王齐洲:从子部类别转移到文学学科(《中国小说观念在近代的演变》之二)

1903年,金天翮在《新小说》撰文称:“吾昔见东西各国之论文学家者,必以小说家居第一,吾骇焉。吾昔见日人有著《世界百杰传》者,以施耐庵与释迦、孔子、华盛顿、拿破仑并列,吾骇焉。吾昔见日本诸学校之文学科,有所谓《水浒传》讲义、《西厢记》讲义者,吾益骇焉。继而思之,何骇之与有?小说者,实文学之最上乘也。世界而无文学则已耳,国民而无文学思想则已耳,苟其有之,则小说家之位置,顾可等闲视哉!”[1]

金天翮书对联

金氏的论述固然受到梁启超《论小说与群治之关系》的启发,但他以小说在日本学校的分科情况来说明小说是文学学科之一种,以中国的小说家施耐庵在日本被列为世界百杰人物来肯定小说家的社会地位,是很值得关注的。

事实上,中国传统小说一直在四部分类的子、史之间徘徊,基本定位为子部的一个类别。[2]而按照日本学校对《水浒传》、《西厢记》的学科分类,小说则是文学学科的一种,这与中国的传统小说观念是很不一样的。当然,日本人的小说观念其实是从西方引进的,其文学观念也是西方的。

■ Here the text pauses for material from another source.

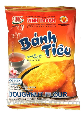 Bột bánh Tiêu Vĩnh Thuận 400g (đã có men)- Cho 1 gói men khô và 100g đường vào 280ml nước, khuấy cho tan, rồi đổ 400g bột bánh tiêu và hỗn hợp (nhớ chừa lại 02 muỗng canh để làm bột áo tráng mâm), nhồi đều khoảng 10 - 12 phút cho bột mịn dai.- Ủ bột trong 60 phút.- Nhồi lại lần nữa, chia bột thành từng phần nhỏ, nhúng bột vào mè, rồi cán thành hình tròn mỏng. trong lúc cán, bắc chảo dầu lên bếp, đổ dầu nhiều hơn ½ chảo, đun thật sôi (lửa vừa). cho bột đã cán vào chiên cho đến khi bánh phồng to và vàng đều thì vớt ra.- Hạn sử dụng: 12 tháng - Date luôn mới
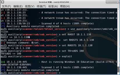 使用指令use auxiliary/scanner/smb/smb_version

1912年,管达如在《说小说》中试图对小说做一次全面的系统的理论总结,其第四章《小说在文学上之位置》说:“文学者,美术之一种也。小说者,又文学之一种也。人莫不有爱美之性质,故莫不爱文学,即莫不爱小说,斯言是矣。然文学之美者亦多矣,而何必斤斤焉惟小说之是好也?夫物不可偏废者,必其具有一种特别性质者也。惟然,则小说在文学上之位置,可以研究矣。” [3]

他列举小说与他种文学之异点有:“通俗的而非文言的也”,“事实的而非空言的也”,“理想的而非事实的也”,“抽象的而非具体的也”,“复杂的而非简单的也”。

《小说月报》

管氏的小说观念中最可注意的是四点:一是认为小说是文学之一种,其本质是审美;二是强调小说要用通俗的白话来描写,不能用文言来表达;三是指出小说不是对现实世界的模仿,而是对理想世界的描写;四是认为小说靠塑造理想的形象感染读者,与其他文学形式有异。这几点认识在当时颇具代表性,且与当时知识界的知识结构和学校的学科结构的衍变密切相关,所以尤其值得注意。

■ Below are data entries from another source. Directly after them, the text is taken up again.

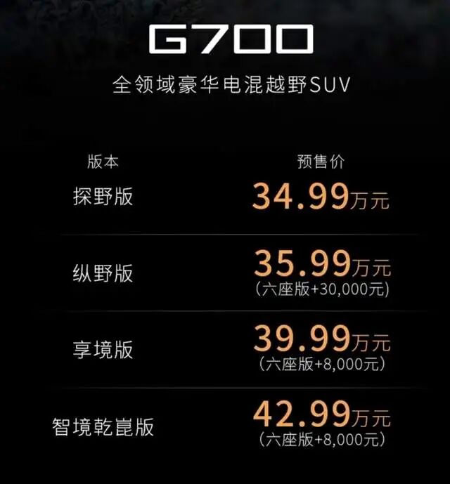 它就是预售价格区间34.99万——43.79万的捷途纵横G700。
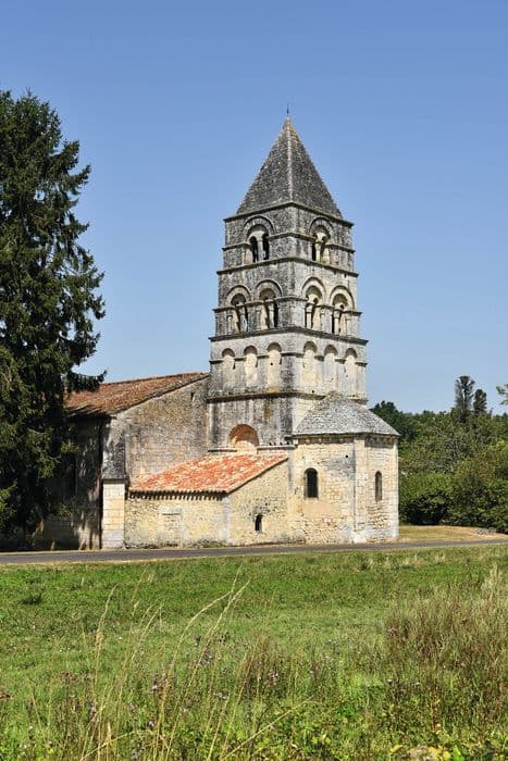 Edifice du 12e siècle, agrandi au 15e siècle d'une seconde nef de même dimension. L'église romane comporte, à l'est, un choeur demi-circulaire, voûté en cul de four, relié à la nef par un carré voûté en coupole par une calotte reposant sur des trompes. Au-dessus de cette coupole s'élève le clocher qui se compose de trois étages dont les deux supérieurs sont ajourés par des arcatures et l'étage inférieur orné d'arcades aveugles. Les arcatures du deuxième étage ont été maçonnées au 18e siècle. Primitivement, la nef romane était voûtée par un berceau plein cintre, voûte démolie au 15e siècle pour être remplacée par des arcs d'ogives. Le mur sud est percé de baies tandis que celui du nord ne comporte qu'une meurtrière. A l'extérieur, le chevet est polygonal. Le mur nord extérieur est renforcé par des arcatures en arcs brisés reliant les contreforts, suivant la technique utilisée dans la région au début du 12e siècle.
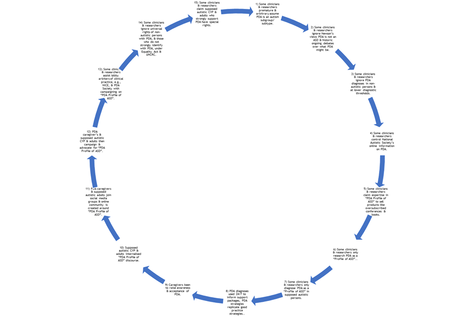 - The circularity is a problem. If one only diagnoses PDA in autistic persons, only develops tools for PDA in autistic persons and only conducts research of PDA in autistic persons; how we will be able to test competing views on PDA? How can we test if non-autistic persons with PDA exist? How can we test if non-autistic persons with PDA face similar/ same issues as autistic persons with PDA (thus should receive a PDA diagnosis)? How can we respect Disability law, and universal rights of non-autistic persons with PDA?

大家知道,中国自古即有文学的概念,然而,管达如这里所谈文学绝不是孔子所说“文学子游子夏”(《论语·先进》)之文学,也不是史学家笔下《文学列传》中的文学,而是从日本引进的西方现代学科分类中的文学,即金天翮所说“日本诸学校之文学科”。

在近代以前的中国,自晋人荀勖、李充等将传世文献分为甲、乙、丙、丁四类,唐人魏征《隋书·经籍志》确立为经、史、子、集四部之后,中国士人的知识结构就固定下来,形成以经学为核心的“四部”之学。传统的学校教育也以经学为核心,并没有学科的概念。

因此,古代的文学并非学科,而是指文治教化之学[4],孔子的“文学子游子夏”是其始,汉代各郡设文学官是其证。现代学者多以为四部中的集部就是文学,这种理解其实是有问题的。集部文献其实可以包括经、史、子的内容,并不限于今人的所谓文学。

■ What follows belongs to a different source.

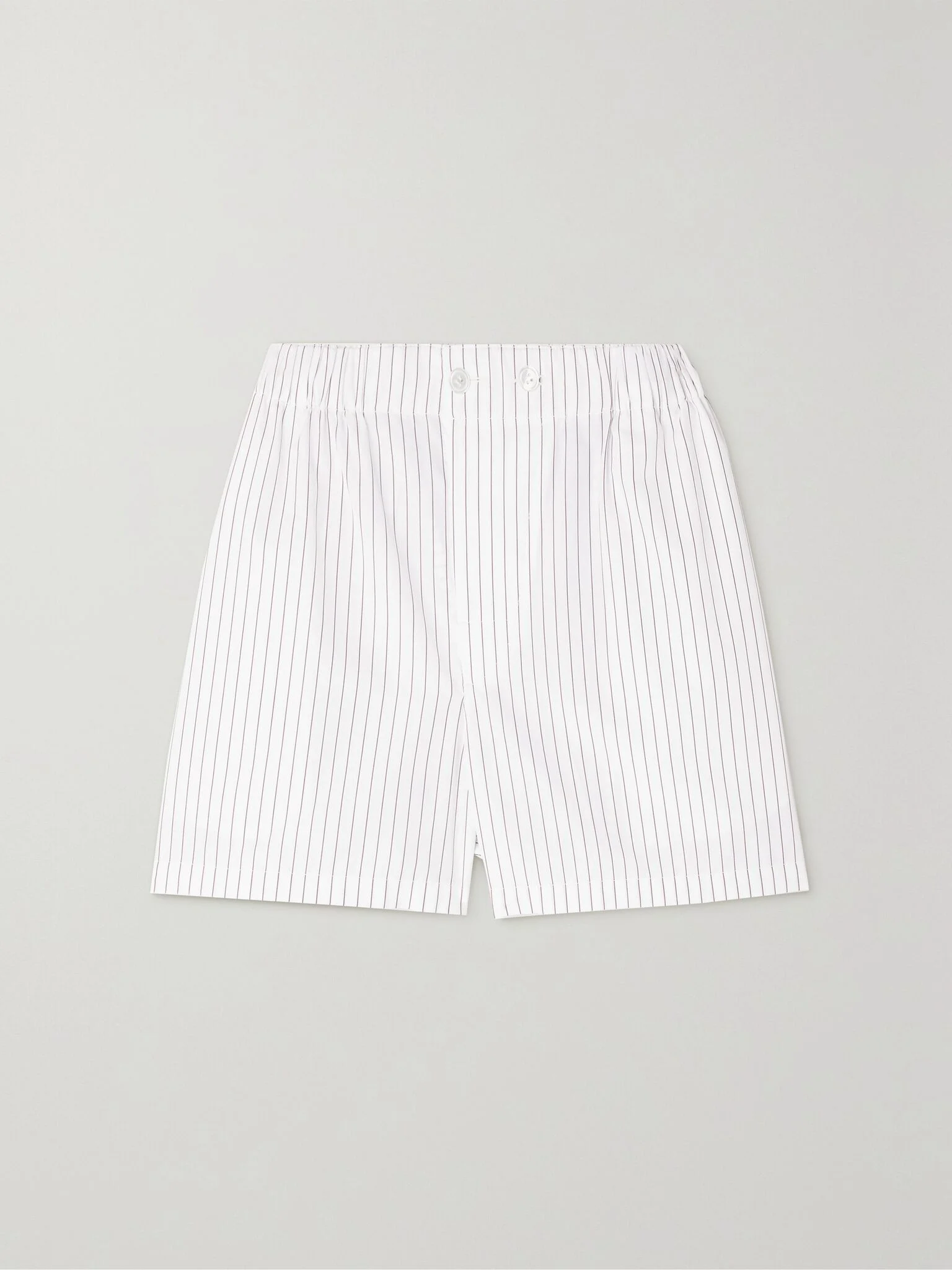 For Fall '23, Bottega Veneta's Matthieu Blazy is inspired by the street style of ordinary people - it's why the collection has no clear theme and instead celebrates the singularity of each look. These shorts are cut from pinstriped cotton-poplin and have a comfortable elasticated waistband. Style yours with a relaxed tee or the matching shirt, just like it was on the runway. Details & Care - White and brown cotton-poplin - Button fastenings at front - 100% cotton

例如,宋人欧阳修别集《欧阳文忠公集》就既有属于经学的《易童子问》、《诗本义》,又有属于史学的碑铭、墓志、书目、谱录,也有属于子学的《归田录》、《集古录》、《笔说》,还有大量的内制、外制、表奏、书启等,今日所说的诗、词、赋等文学作品,其实只是其别集中的很少一部分。

《欧阳文忠公集》

这样的例子不胜枚举。然而,这种四部之学在近代却发生了根本性的改变,其改变始于第二次鸦片战争,成为中国近代文化、教育、学术、思想的一个重要特点。

从1856年开始的第二次鸦片战争,以1860年签订屈辱卖国的中英、中法《北京条约》而结束。中国赔偿英、法军费各增至八百万两白银,开放天津为商埠,割让九龙于英国,准许英、法在中国招募劳工,退还以前没收的天主教资产,等等。

这次战争,让清廷从“天朝大国”的美梦中惊醒,一部分看到中国落后的士大夫有感于国耻,企图借鉴洋人的科学技术来重振大清帝国,“洋务运动”因此展开。江南制造局、福州船政局、轮船招商局、开平矿务局、天津电报局、上海机器织布局等先后兴办,一时似有复兴气象。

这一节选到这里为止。